Florida Honors the RHP

The Refugee Healthcare Partnership has been given an award for innovation in programs that serve refugees. The award, granted by the Office of Refugee Services of Florida's Department of Children and Families, was presented at a luncheon held November 17, 2004. Sr. Carol Stovall, SSJ, accepted the award on behalf of the RHP.


Nada and Rada, Two Bosnian Immigrants

Nada Prusac, 34, came to the United States in 1997 with her husband and two children from the Serbian part of Bosnia. Their airfare was paid by the USCCB. A Catholic Charities staff member met them on their arrival at the Tampa airport.

The Prusacs had left behind a country ravaged by civil war. Before the war, Nada and her husband had owned their own business. Her husband was wounded while serving in the army. Nada had volunteered to work in the hospital where he was treated. Seven of her family members died in the war.
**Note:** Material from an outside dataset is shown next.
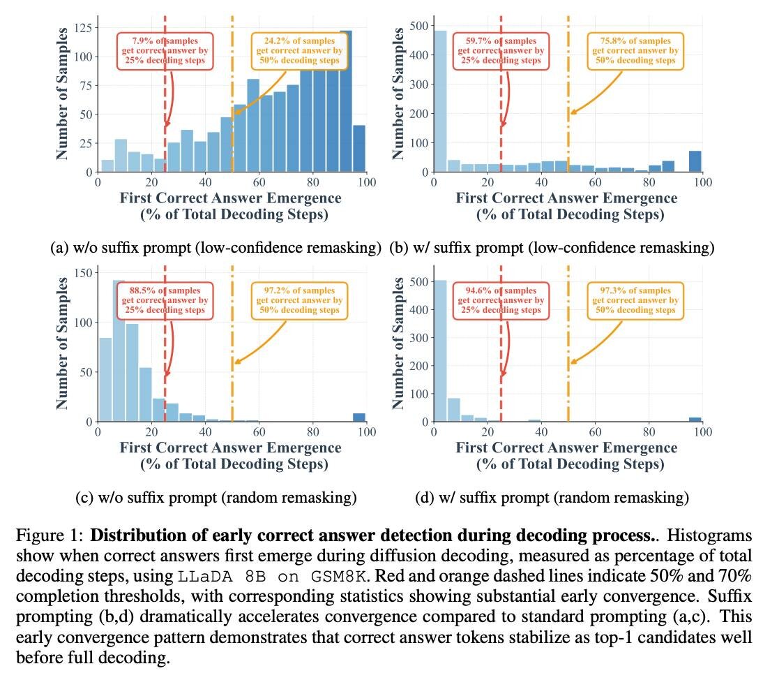 🆕 Исследование: LLM могут находить правильный ответ ещё до конца генерации. На GSM8K — до 97% задач, на MMLU — до 99% ответов верны уже на середине шагов. Метод Prophet позволяет остановить генерацию раньше и ускорить модель в 3.4 раза без потери качества. 💡 Как работает Prophet: 1. На каждом шаге смотрит на разрыв уверенности между топ-1 и топ-2 токенами 2. Если разрыв большой → модель уже «уверена» 3. Декодирование останавливается досрочно, оставшиеся токены фиксируются сразу 🔗 Подробности: arxiv.org/pdf/2508.19982

Catholic Charities found the Prusacs an apartment and paid their bills-rent, utilities, and food-for six months. The agency also helped Nada find her first job, as a clerk in a supermarket.

Nada spoke Serbian, Russian, and other Slavic languages, but knew no English when she arrived here. A new friend, Rada Barasic, another refugee from Bosnia, told her about RHP and its scholarship program, which offered refugees free tuition, textbooks, and money for uniforms for training as CNAs and home health aides.
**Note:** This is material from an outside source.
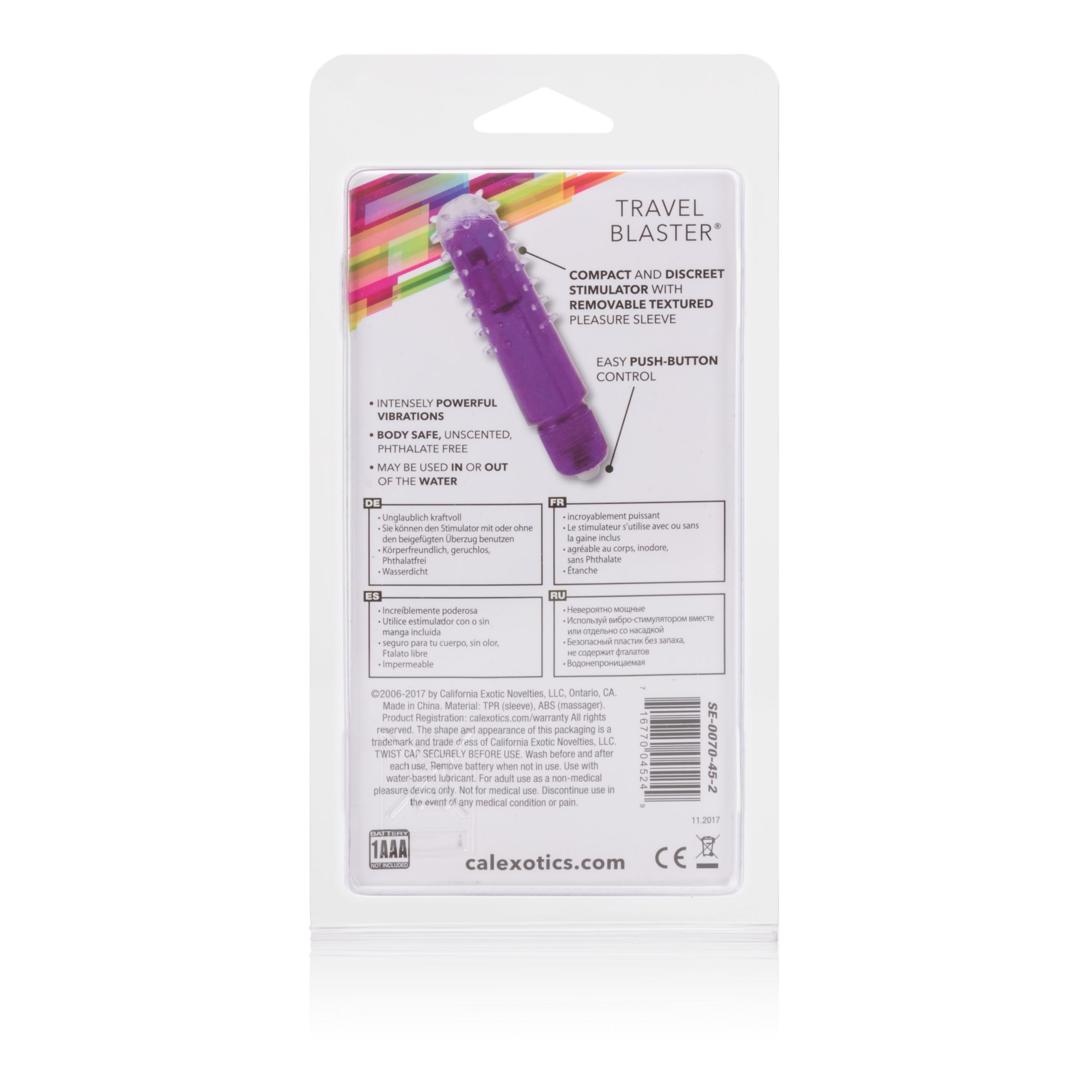 The Waterproof Travel Blaster massager comes complete with a removable nubby sleeve for independent use, plus 30% more power than before! Feel the intense power of this small yet mighty toy and let the massager take you into life’s wet and wild moments with the most satisfying and tantalizing pleasure. Take into the tub for some alone tie, take it into the shower for some steaming hot intimacy, or take it with you anywhere you want to get wet- it’s 100% waterproof! Measuring a modest 3″ (8 cm) long by 0.75″ (3 cm) wide, this stylish and ergonomically designed massager makes the ideal travel product for those on the go. It’s totally discreet so you can put it in any handbag or luggage bag for those naughty nights away or romantic weekend getaways with a loved one. The compact makes it a great starter product for first-time users who want something that is both waterproof and packed with intense power, and the removable textured sleeve gives you so much versatility.

Nada and Rada enrolled in a PTEC evening class that was taught in the Bon Secours Maria Manor classroom. The class was taught by Paul Laurence, RN, who also worked at that facility as a nurse. To improve their English and their comprehension of medical terminology, Nada and Rada also attended Contreras' medical orientation class for refugee CNA students.

In September 2003, Nada received her CNA license. Seven months later, she joined the staff of Bon Secours Maria Manor, reuniting with Rada, who had gone to work there the year before. The facility has found the two Bosnian women to be good caregivers. "I like to talk to people," says Rada. "In my country everybody appreciates old people. Our children are taught to help old people."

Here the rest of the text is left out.